Nets have a $1.26 million trade exception that came along with the Marcus Williams trade. Since Williams was traded for pick(s), the Nets received a TE equal to his full salary this season. It can be used to secure a player, in a variety of ways, through the first anniversary of the trade, July 22, 2009. It can also be used to pick up a player off waivers if that player makes less than $1.36 million this season...the value of the TE plus $100,000.

TE's can't be combined with players in deals, but multi-player deals can be broken into pieces and a TE used in one part of it. And TE's can be broken apart...although the one acquired in the Marcus Williams deal is so small it's hard to imagine how that would make sense.

In the Rod Thorn era, the Nets have a history of using most if not all their TE's.

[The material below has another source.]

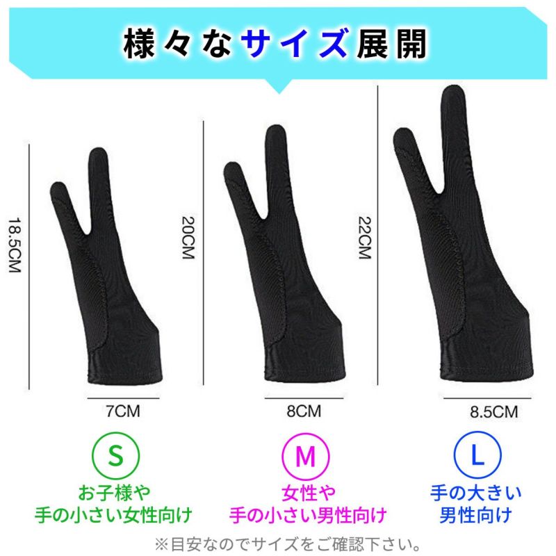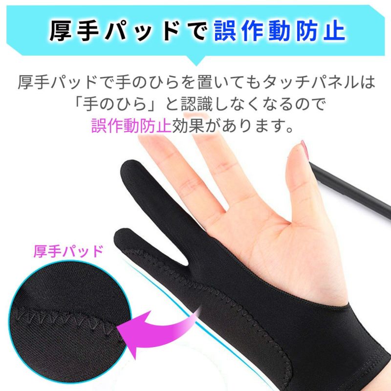 手とペンタブレット表面との摩擦を減らしスムーズな描画が可能に タブレット 手袋 グローブ 2本指 液晶 ペンタブレット カバ
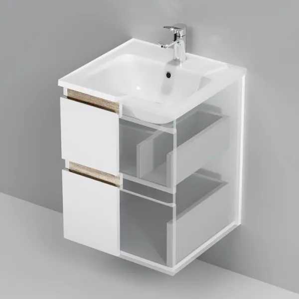 Подвесная тумба помогает сэкономить место в ванной комнате, визуально увеличивая пространство. Установка на удобной высоте. Оптимизация хранения вещей внутри ящиков. Грамотно расположенные скрытые коммуникации внутри тумбы. Бортик по контуру раковины препятствует проливу воды за мебель. Сантехнический фарфор - долговечный и прочный материал, обладающий высокой гигиеничностью.

Historically, the bottom line is they have been willing to use a TE if it doesn't put them in luxury tax territory.

--In 2004, they picked up $15.6 million in TE's from the Kenyon Martin ($5.2 million) and Kerry Kittles ($10.4 million) trades. In both cases, they were the result of big salary players being traded away solely for draft picks. Ulimately, they used half of the Kittles TE to acquire Cliff Robinson in a trade with the Warriors for two second round picks; used the Martin TE to claim Eldon Campbell off waivers and used the remainder of the Kittles TE to acquire Marc Jackson in a swap of second round picks with the Sixers. They had planned on using that to make the Shareef Abdur Rahim trade work but once it died, they moved quickly to get some use out of it. They left very little on the table after those deals...less than $1 million out of $15.6 million. (The Campbell deal always mystified but it may have been a way for the Nets to get the Pistons to agree to something else. Campbell was released and rejoined the Pistons.)

--In 2006, they received two TE's worth more than $2.7 million ($2.05 million and $719,000) from the Marc Jackson/Linton Johnson for Boki Nachbar trade. They let both lapse because they were close to the luxury tax and using the TE's would have put them over.

--In 2007, they received a $2.6 million TE from the Jeff McInnis for Bernard Robinson trade which they also let lapse because they were too close to the tax.

--In 2008, they picked up a $3.3 million TE in the Jason Kidd for Devin Harris etc. trade which they then used to acquire Keyon Dooling for cash. The Nets used the entire TE, according to reports. The Kidd deal was constructed in such a way that the Nets wound up with one large TE rather than a couple of smaller ones.

A team doesn't have to give up a pick when using a TE. There are lots of ways a team can use them.

The Nets can 1) trade the TE with a pick, as they did with Robinson and had planned to do with Abdur-Rahim; 2) agree to swap picks--first or second rounders--and the TE, as they did with Jackson; 3) trade the TE with cash, as they did with Dooling; 4) use the TE to pick up a player off waivers as long as the player's salary is less than the TE--as they did with Campbell; or 5) trade the TE with the draft rights to Christian Drejer, which the Nets still retain despite his retirement from international play. If they were able to do any of those things, it would provide the team with an additional benefit from the Marcus Williams trade. And with the Nets $8.5 million under the luxury tax, they have flexibility they didn't have in the past.

The other advantage of using a TE in a trade is that the other team takes over the TE for a year. Orlando for example has the $3.3 million TE from the Dooling trade available for use until next July 20.